Их главное предложение — США должны изменить свою ядерную стратегию в одном важном пункте, а именно объявить, что отказываются от использования первыми ядерного оружия.
Осенью 1981 года эту идею мы выдвигали и на Генеральной Ассамблее ООН и в прямом обращении к президенту Рейгану — объявить тягчайшим преступлением применение первыми ядерного оружия. Но от такого «первенства» Вашингтон не захотел отказаться. А теперь советская идея находит понимание в американских влиятельных кругах. И американское правительство вынуждено отбиваться от «своих». И вот как это делает, отвечая четырем критикам, государственный секретарь Хейг: «НАТО последовательно отвергает такие советские предложения (не использовать первыми ядерное оружие. — С. К.), принять которые, в сущности, означало бы обречь Европу на агрессию с использованием обычных вооруженных сил и вооружений».

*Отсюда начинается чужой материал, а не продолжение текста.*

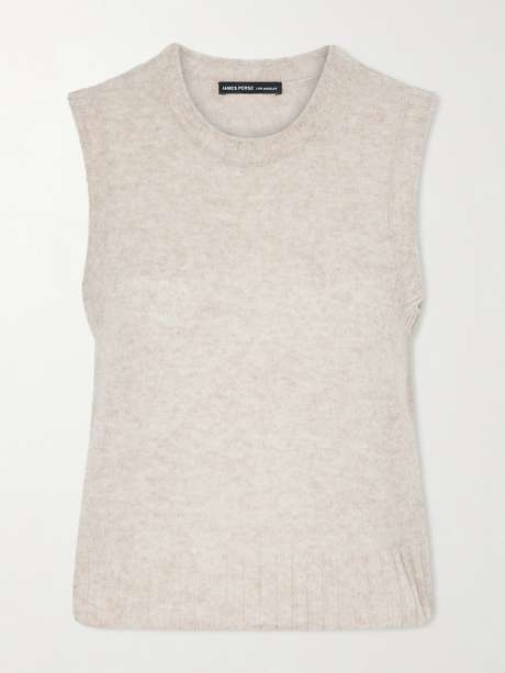 James Perse’s collections balance casual ease with a clean, contemporary aesthetic. This vest is knitted from soft, warm cashmere in a relaxed fit with a ribbed neckline and hems. Wear it solo or layered over T-shirts and shirts.

То есть Хейг предсказывает и пугает одновременно: откажись мы сегодня от использования первыми ядерного оружия — и нечем будет их, русских, сдерживать, и советские танки завтра будут на Рейне, а через неделю, чего доброго, — па берегах Сены и Ла-Манша.
Бред! Даже оппоненты Хейга из среды американской элиты вынуждены опровергать этот бред. Тот же Макнамара говорит про нас: русские вовсе не сумасшедшие, они знают, что такое людские потери. Невелик комплимент, но показывает, с какими чудовищными искажениями истины приходится иметь дело трезво мыслящим американцам.
Но дело не только в этом. Во-первых, Хейг явно преуменьшает обычные вооруженные силы НАТО, рассказывая свои сказки о волках из Москвы и ягнятах из Вашингтона. И что касается некоторого советского перевеса в танках, то на него со стороны НАТО, как всем известно, существует перевес в средствах противотанковой защиты.
А во-вторых, Хейг делает вид, что боится, что если Америка откажется первой применить ядерное оружие, то Советский Союз первым применит обычные вооруженные силы. Но известно ли государственному секретарю США, что уже три года — три года! — существует официальное предложение государств Варшавского Договора заключить договор о неприменении первыми друг против друга как ядерных, так и обычных вооружений в Европе.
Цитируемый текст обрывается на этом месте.